_What you should do_. Copy the data that follows exactly. Include no pictures.

_Collected data_.
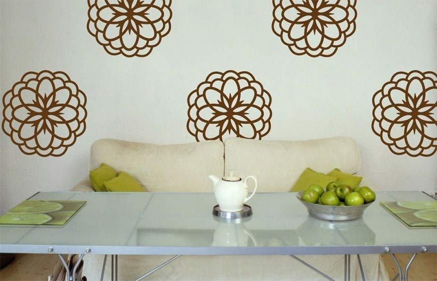 Трафареты декора, которые вы выберите, полностью зависят от технологии рисунка. Для новичков подойдет простой вариант, на котором изображены цветочные мотивы. Стоит отметить, что они могут являть собой как абстракцию, так и естественную композицию, что делает их универсальными при использовании в любом стиле комнаты.
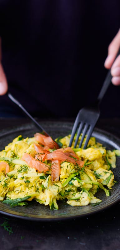 - Frühstück: Zucchinirührei mit Lachs
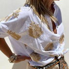 Meet Meghan: a chic, embroidered blouse with buttons that adds a touch of stylish elegance to any outfit. With fine embroidery and a classic button design, this top is suitable for both formal and casual occasions. Bring new radiance to your wardrobe with the timeless beauty of the Meghan top.

_Solution to this exercise_.
 Трафареты декора, которые вы выберите, полностью зависят от технологии рисунка. Для новичков подойдет простой вариант, на котором изображены цветочные мотивы. Стоит отметить, что они могут являть собой как абстракцию, так и естественную композицию, что делает их универсальными при использовании в любом стиле комнаты.
 - Frühstück: Zucchinirührei mit Lachs
 Meet Meghan: a chic, embroidered blouse with buttons that adds a touch of stylish elegance to any outfit. With fine embroidery and a classic button design, this top is suitable for both formal and casual occasions. Bring new radiance to your wardrobe with the timeless beauty of the Meghan top.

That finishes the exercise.